The 50/34 will be fine. You haven't said how old the bike is. Before they went to the 130 bcd crank with removable chain rings they were ISO. However, I used a JIS 119 mm bottom bracket with a 54 and 38 and it worked fine except for throwing the chain when folded on the 38. I had to stop to change the chain from one ring to the other but it only takes a few seconds. Others have said they can do the down shift with their shoe but not the other way around. I have used ISO crank arms with a JIS spindle but I am not sure you can use JIS cranks on an ISO spindle. A better BB than the original is not a bad idea anyway. The only tools needed to switch chain rings is a 5mm allen key and perhaps a wrench made to hold the nut side still. https://www.parktool.com/product/chainring-nut-wrench-cnw-2 is an example.


----------



## The Jogger (29 Nov 2017)

Thanks 12boy, I got the bike about three years ago. I'm not confident enough or technical enough to carry out the work so I'll get the lbs to do it. Just good to know that compact is the right one. I know @Fab Foodie has a similar one.


----------



## chriscross1966 (29 Nov 2017)

12boy said:


> ..... A better BB than the original is not a bad idea anyway. ....

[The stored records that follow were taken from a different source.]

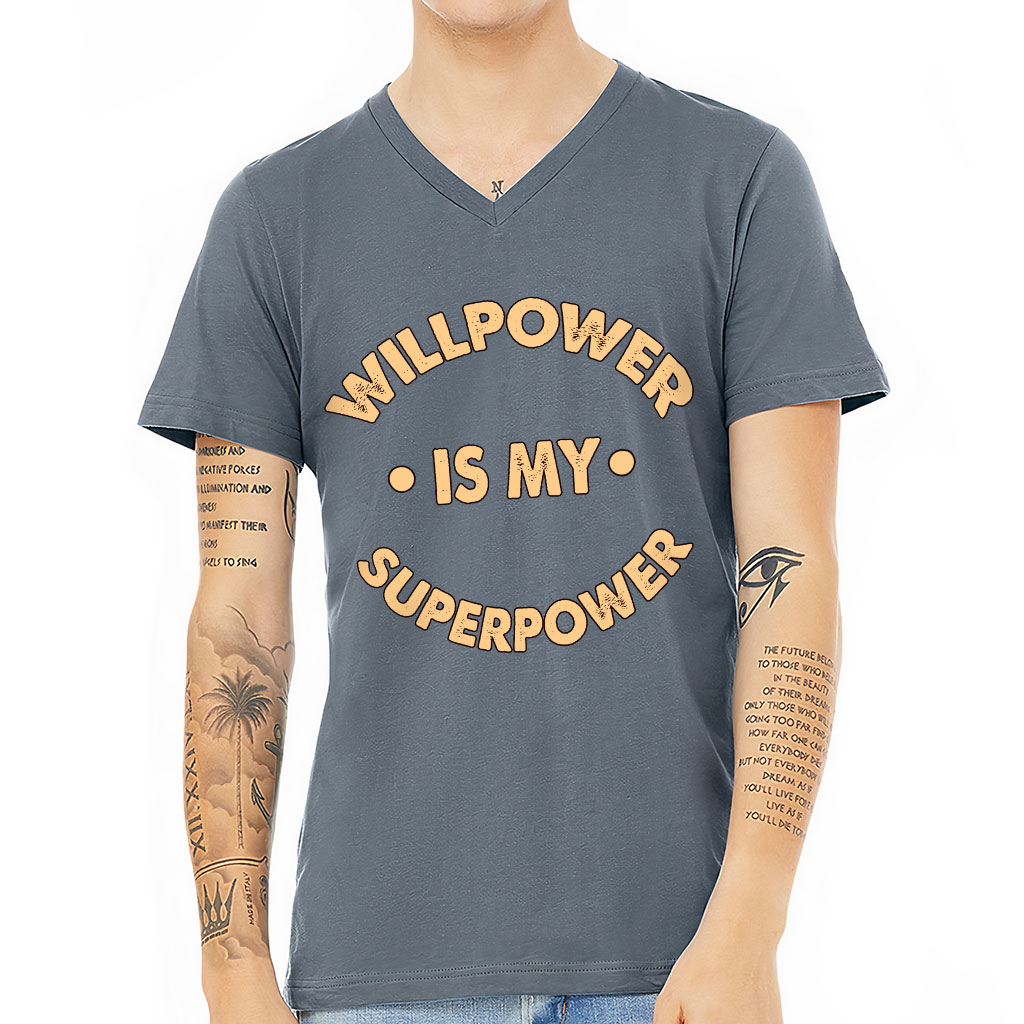 Willpower Is My Superpower V-Neck T-Shirt – Art T-Shirt – Unique V-Neck Tee
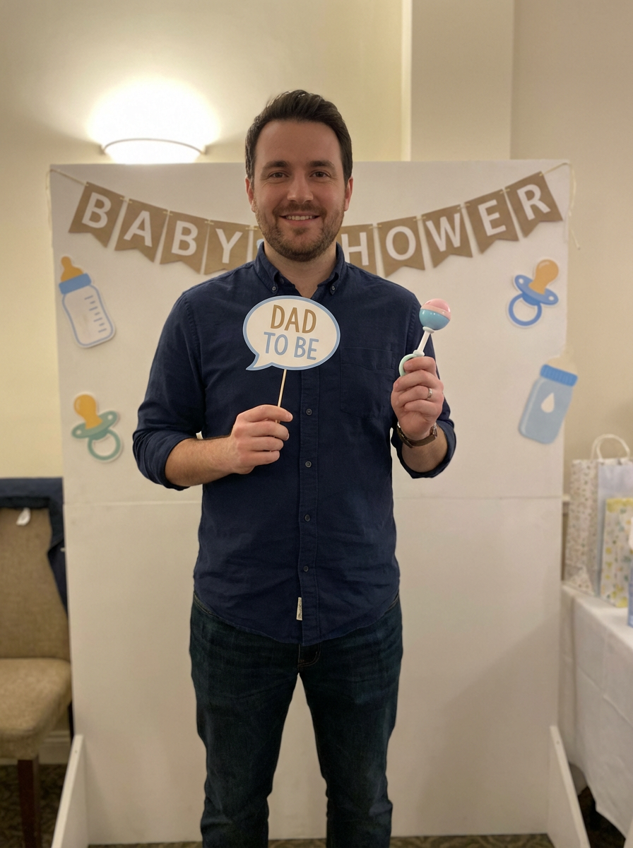 model at baby shower photo booth, cute props, expecting parent glow, fun memories
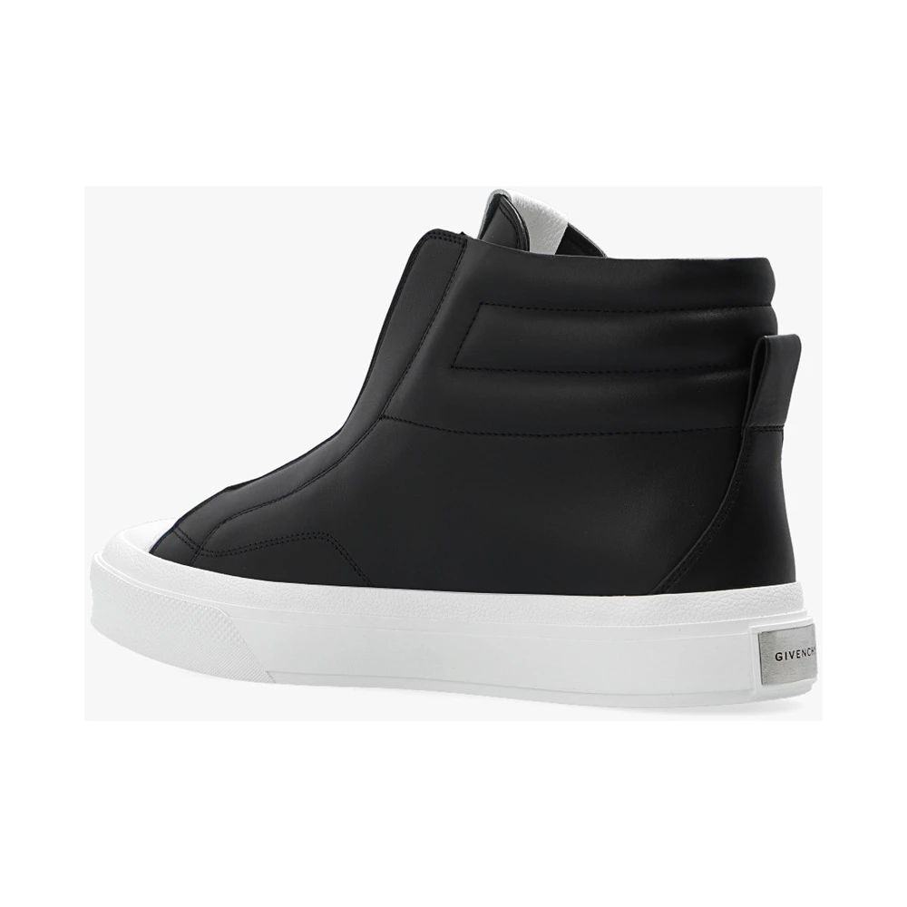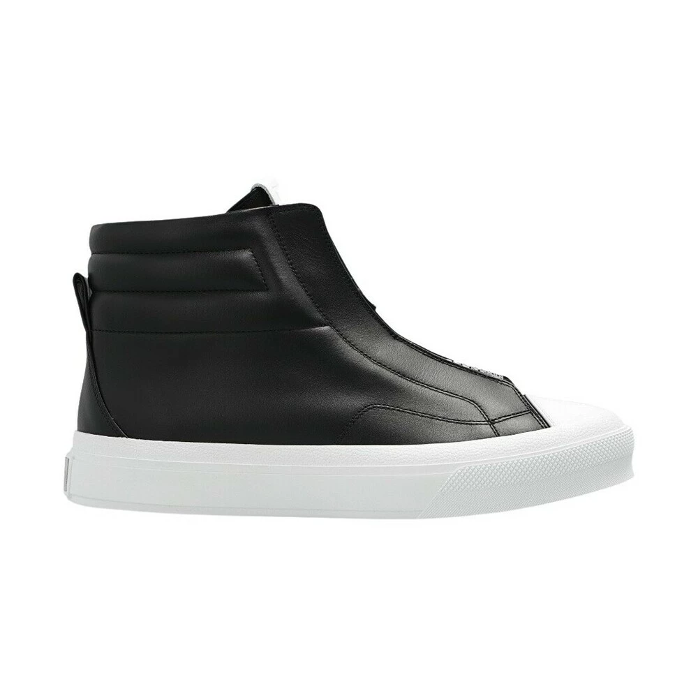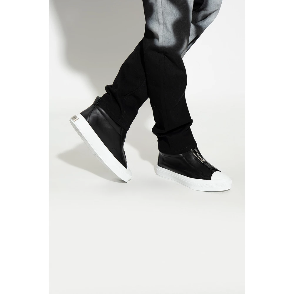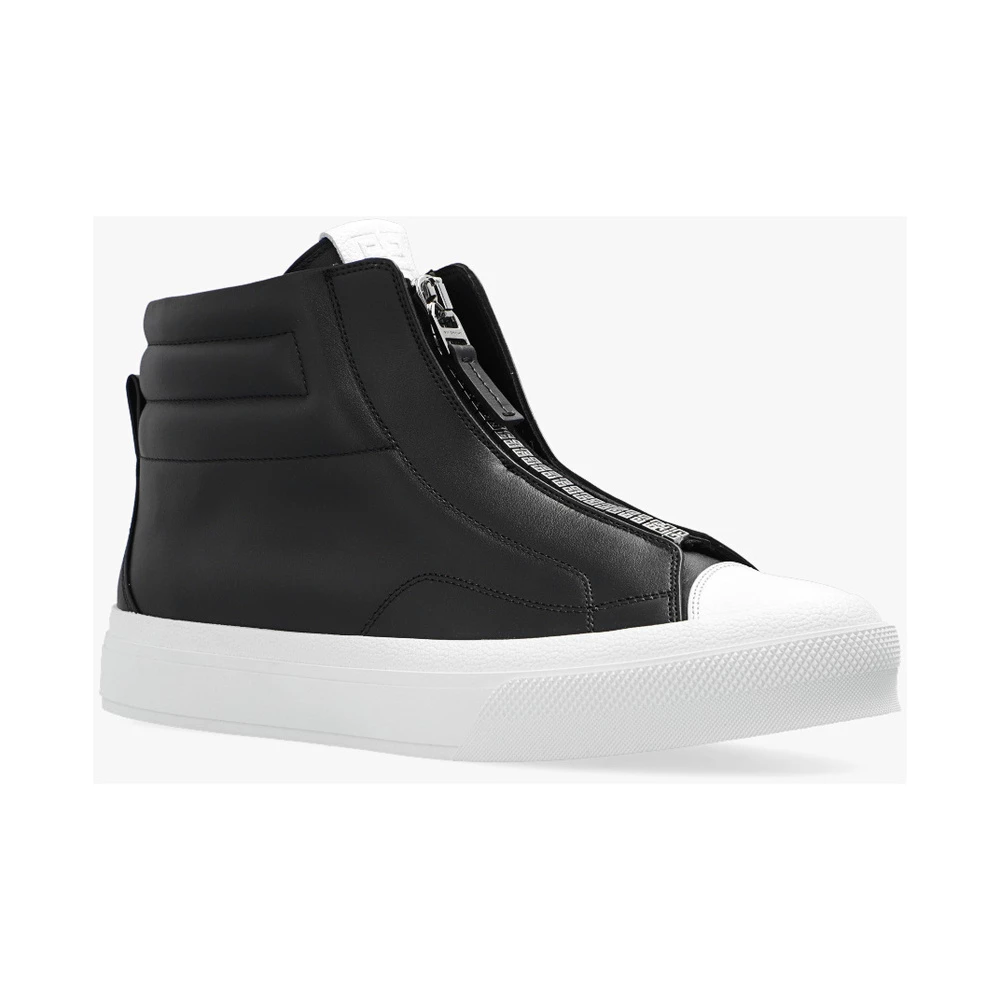 Svarte ‘by’ høye top joggesko fra Givenchy. Dette paret er laget av kalveskinn, og har et dekorativt glidelås med 4G-logo-motiv, hvitt skinnlapp med en preget 4G-logo og hvit gummisåle med et dekorativt metallinnsats og en logo i sølvfarget.

It isn't hard to find a better BB than the old Brompton one :-).... I like the Campagnolo Ultratorque, but recognise there is a significant technical challenge in getting one into a Brompton, the Shimano UN55 is available in many lengths, although one method that might work very well is to investigate the use of 73mm (Mountain Bike) Hollowtech2 cranks with a 4mm spacer under the drive side and a 1mm spacer under the NDS... that would give clearance for the inner ring, and you could look at adding a front derailleur mounted on a 40mm derailleur hanger https://www.ebay.co.uk/itm/322544758574


----------



## Kell (29 Nov 2017)

You're probably the right person to ask @chriscross1966 - has anyone successfully added a front derailleur and shifter to a Brompton?


----------



## chriscross1966 (29 Nov 2017)

Kell said:


> You're probably the right person to ask @chriscross1966 - has anyone successfully added a front derailleur and shifter to a Brompton?


There's a fair number on the far-Eastern Brompton fan pages on Facebook, Steve Parry built a few too. I'm in the process of trying to get one together ATM, mostly late 80's or early 90's Campagnolo parts, including the bottom bracket. I plan on using that 40mm clamp to work out positioning for the front mech then have a mount brazed on when the frame goes off for repaint. For the rear mech I have the hanger that came with the Vostok triangle on another bike so will use that with the modified stock triangle I'm fitting. She's called Francesca because of all the Italian parts.


----------



## Fab Foodie (29 Nov 2017)

Kell said:


> You're probably the right person to ask @chriscross1966 - has anyone successfully added a front derailleur and shifter to a Brompton?


Yes, it’s been done and it’s not to complicated. Ask on the London Brompton Club forum.


----------